Seandainya pohon pohon di bumi ini menjadi pena dan lautan menjadi tinta, ditambahkan kepadanya tujuh lautan lagi setelah keringnya, niscaya tidak akan habis habisnya dituliskan kalimat Allah.
Suatu kenikmatan yang diberikan sang maha pengasih menuai di bumi ini, kisah cinta mereka berlanjut menuju tanah suci Mekah.
Sore itu suasana bandara udara Soekarno-Hatta sedikit padat. Zahra duduk dengan cup choco latte ditangannya. Tatapannya memandang para pramugari yang hilir mudik di sana. Dia teringat akan cita citanya yang kandas karena keinginan kedua orangtuanya.
Tersirat sebuah senyuman di wajah cantiknya, begitu indah jalan hidup ini, seandainya dia tidak mengikuti keinginan kedua orangtuanya mungkin dia tidak akan bertemu dengan Ali atau Shofi sahabat karib yang telah di tinggalkannya bertahun tahun lalu.
Ibaratkan sedikit air yang membuat musafir meredakan rasa hausnya. Jika sedikit air saja bisa meredakan kehausan mengapa harus meminta lebih yang bisa menenggelamkan. Syukuri saja setiap kejadian dalam hidup ini, sejatinya semua hanyalah titipan yang sewaktu waktu akan kembali kepada pemiliknya.
"Zahra apa yang sedang kau pikirkan?". Tanya Ali yang sedari tadi memperhatikan Zahra melamun.
"Tidak ada, hanya teringat akan cita citaku dulu".
"Maksud mu pramugari?".
Zahra melirik Ali dan tersenyum lugu "Ah sudahlah jangan dibahas lagi".

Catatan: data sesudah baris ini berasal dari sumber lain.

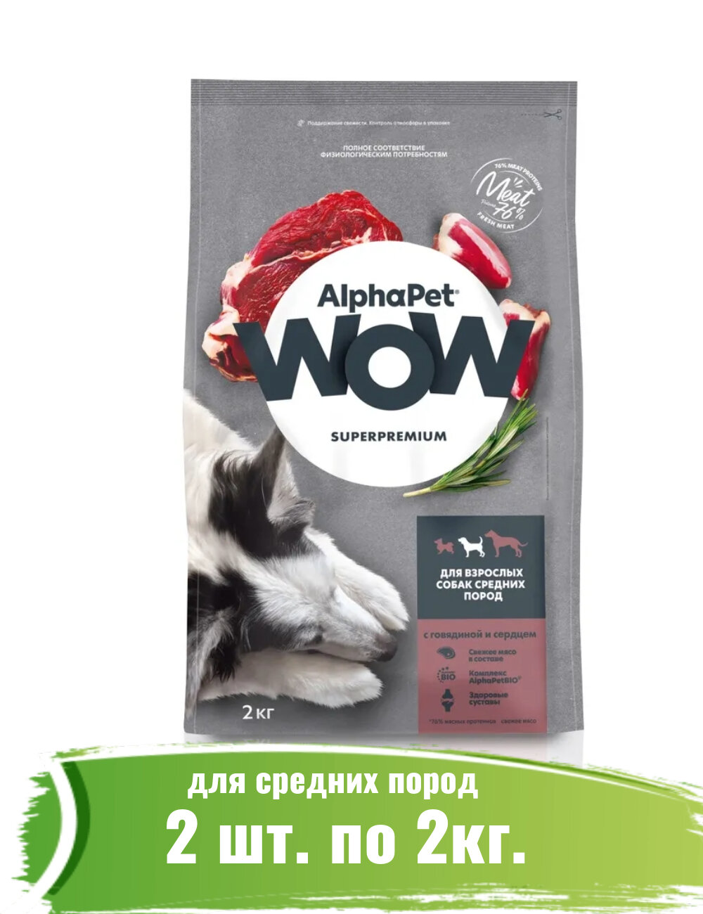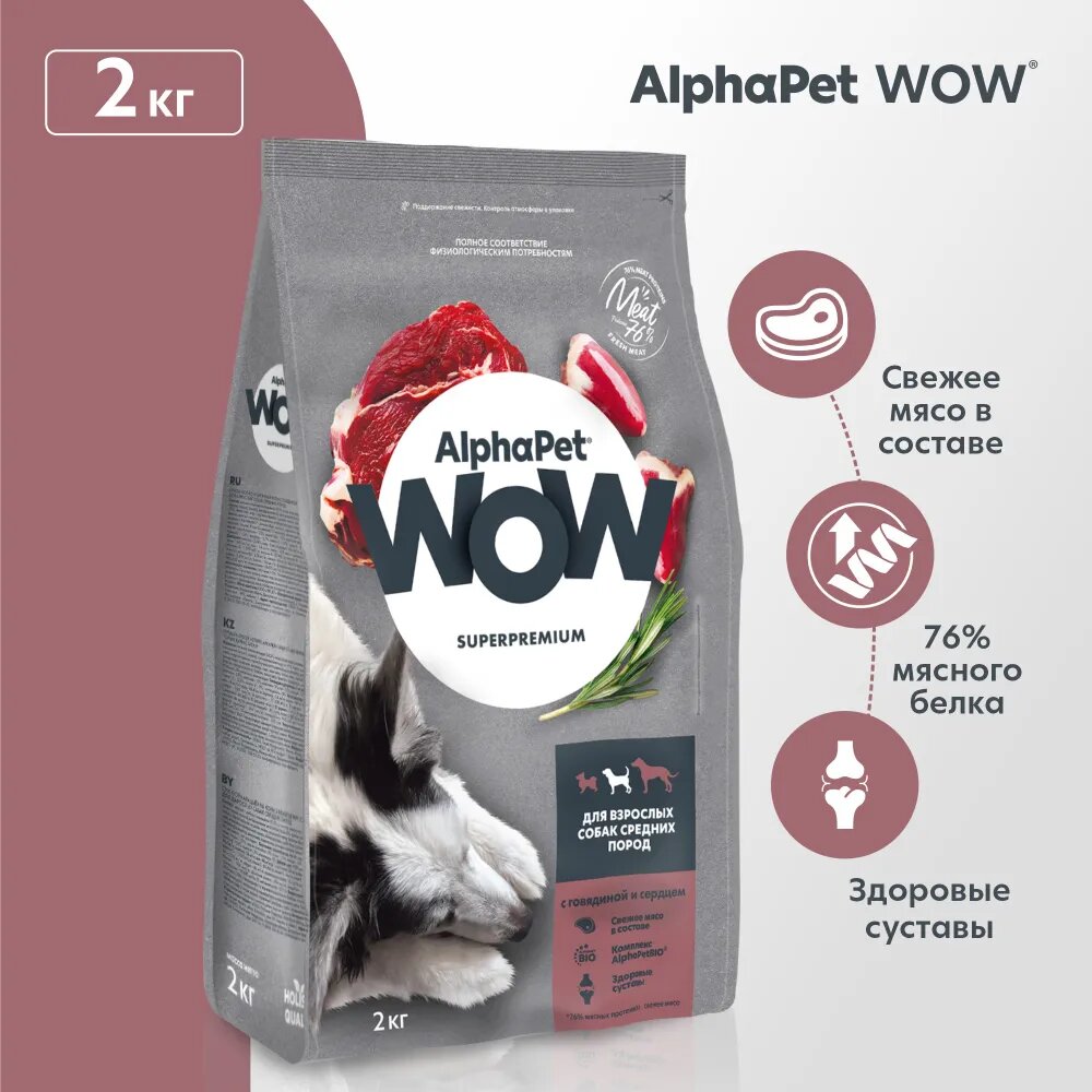 AlphaPet WOW (АльфаПет) корм сухой для собак средних пород с говядиной и сердцем 2уп по 2кг информация:

Tatapannya beralih menatap Nathan dan Aisyah, dia merasa tidak tertarik untuk membahas topik masa lalunya. Ali mengerti dan tersenyum sambil menikmati sepoian angin bandara.

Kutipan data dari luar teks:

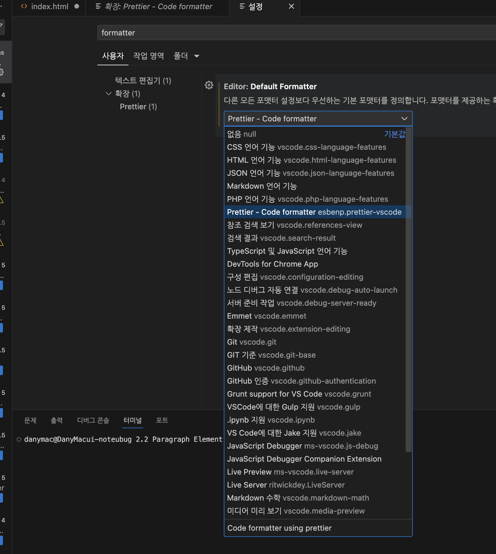 5. 설정에서 나오는 검색창에 formatter 입력 후, 나오는 검색결과들 중, Default Formatter 에서 '없음' 을 'Prettier - Code formatter' 로 선택 변경

"Aku ingin menyanyikan sebuah lagu untukmu". Nathan terus saja mengganggu Aisyah.
Aisyah masih terlihat tenang sambil sesekali menyingkap cadarnya menikmati keripik. Dia tampak tidak tertarik akan tawaran Nathan.
"Sekali saja". Bujuk Nathan.
"Gak, apaan sih".
"Gratis". Nathan memasang senyum evilnya.
"Tidak mau, kau ini berisik sekali". Ucap Aisyah kesal.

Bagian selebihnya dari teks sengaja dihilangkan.